Collected data:
◇ ◇ ◇ ◇ ◇
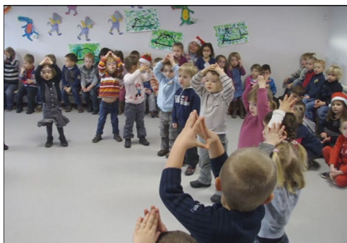
Spectacle de Noël Anga, fils du feu
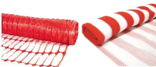
Tela Tapume Cerquite/Tecida
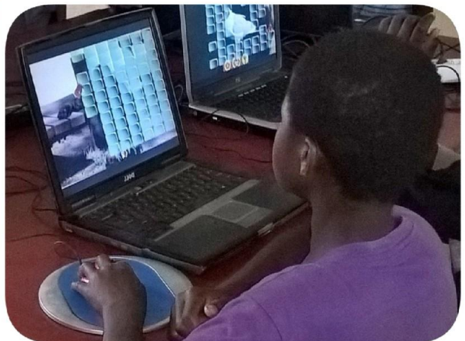
Computerles voor basisschoolleerlingen
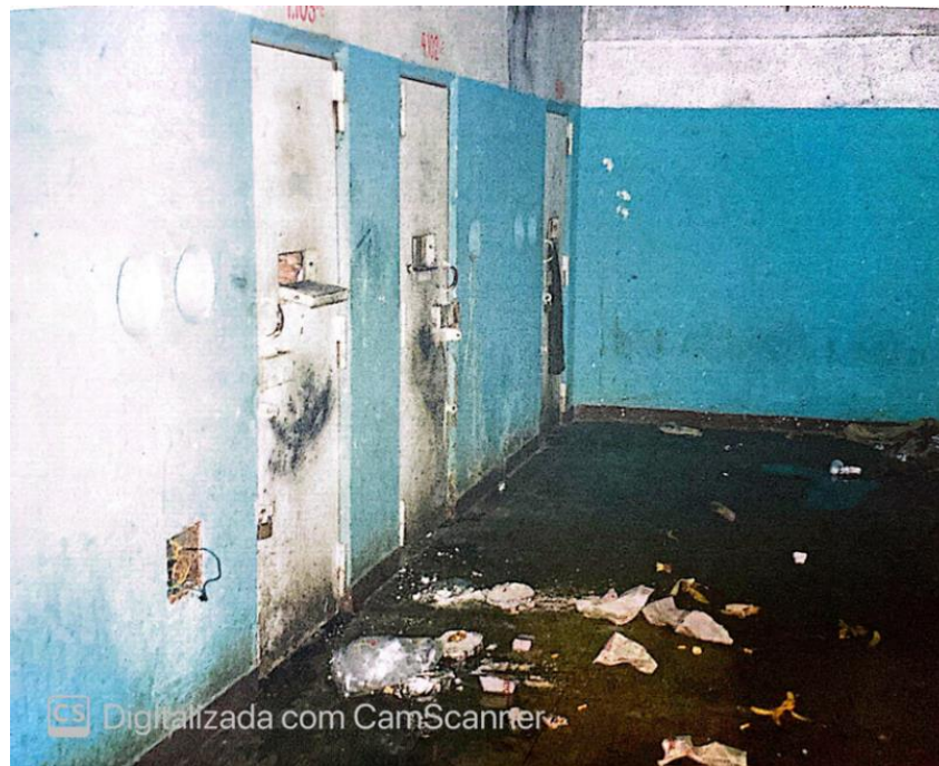
Fotografia 3. Refeições recusadas (VARELLA, 1999, imagem 11)

A comida servida pela Casa é triste. Depois de alguns dias, não há cristão que consiga digeri-la; a queixa é geral. Os que não têm ganha-pão na própria cadeia ou família para ajudar, sofrem. Riquíssima em amido e gordura, a dieta, entretanto, engorda. Obesidade aliada à falta de exercício físico é um dos problemas de saúde da Detenção. (VARELLA, 1999, p. 42).
◇ ◇ ◇ ◇ ◇
Exercise objective: Repeat the data exactly. No pictures should appear.

Answer for the task:
Spectacle de Noël Anga, fils du feu
Tela Tapume Cerquite/Tecida
Computerles voor basisschoolleerlingen
Fotografia 3. Refeições recusadas (VARELLA, 1999, imagem 11)

A comida servida pela Casa é triste. Depois de alguns dias, não há cristão que consiga digeri-la; a queixa é geral. Os que não têm ganha-pão na própria cadeia ou família para ajudar, sofrem. Riquíssima em amido e gordura, a dieta, entretanto, engorda. Obesidade aliada à falta de exercício físico é um dos problemas de saúde da Detenção. (VARELLA, 1999, p. 42).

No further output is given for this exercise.